But suddenly it’s all changed, and instead of me doing this, it’s Dave. He’s doing it. And the reason he’s doing it is because I’ve started work. I’ve actually gone and got a bloody job. And not only do I need to change the title of this blog (yes, yes, I know, and I should make it look less shonky while I’m at it, thanks for reminding me) but I also need to stop whinging about the fact that I don’t have a job. Because I do. And it’s started. Today.

And because I was so caught up in the guilt and the awfulness and the what-the-fuck-have-I-done-ness of trying to cope with a toddler and a baby simultaneously, I completely forgot to think about how utterly bereft I might feel having to spend all my time away from them. It’s bloody awful. I couldn’t think about Teddy without a little tear springing to my eye* which is just not cricket in a new office, surrounded by new colleagues, wearing new officey clothes, and trying to be professional and not swear, cry or leak milk out of one’s boobs at any given moment. And I couldn’t think about Felix without said milk having a little spurt. A fine-knit pale grey sweater was not the best choice, in hindsight.

By the time I got home, I had one boob the size and consistency of a large grapefruit (the other one just sat there, being all unhelpful when it came to balance and aesthetics and all of that – bad boob), a stomach full of stress, a heart full of guilt, and I had about seven minutes with Teddy before it was bathtime. Felix smiled at me gloriously and gummily, largely ignoring the bionic breast I was beating her around the head with.

Who does this awful thing to women? Who makes us fall in love with these helpless, loud creatures when we’re not looking? And who then makes us think that the best thing to do would be to go to work so we can pretend to be the women we were before we procreated? Why is that a good thing? Wouldn’t it be far better to stay at home playing Duplo, covered in a patchwork of bodily secretions, and not wearing mascara for weeks on end on account of not leaving the house?

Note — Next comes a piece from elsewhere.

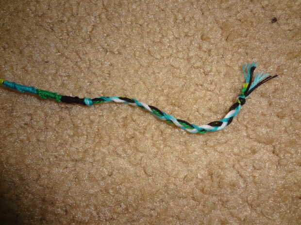 una pulsera bastante sencillo que sólo requiere 1 nudo. Utilicé 4 colores (1 azul, rojo 2, naranja 3, amarillo 4) pero se puede elegir en cualquier lugar entre 3-8 colores.Materiales que necesitas:-Cadena (a veces llamada seda en tiendas de artesaní

Me. I’ve done this awful thing to me. The grass is always so much greener absolutely everywhere I look. When I was at home, looking after the sprogs, all I wanted was to have something creative and interesting to think about again. And while I was child-caring, I thought I was – largely – making a pig’s ear of it all. Just last week I thought to myself, when am I going to be the parent that I expected I was going to be?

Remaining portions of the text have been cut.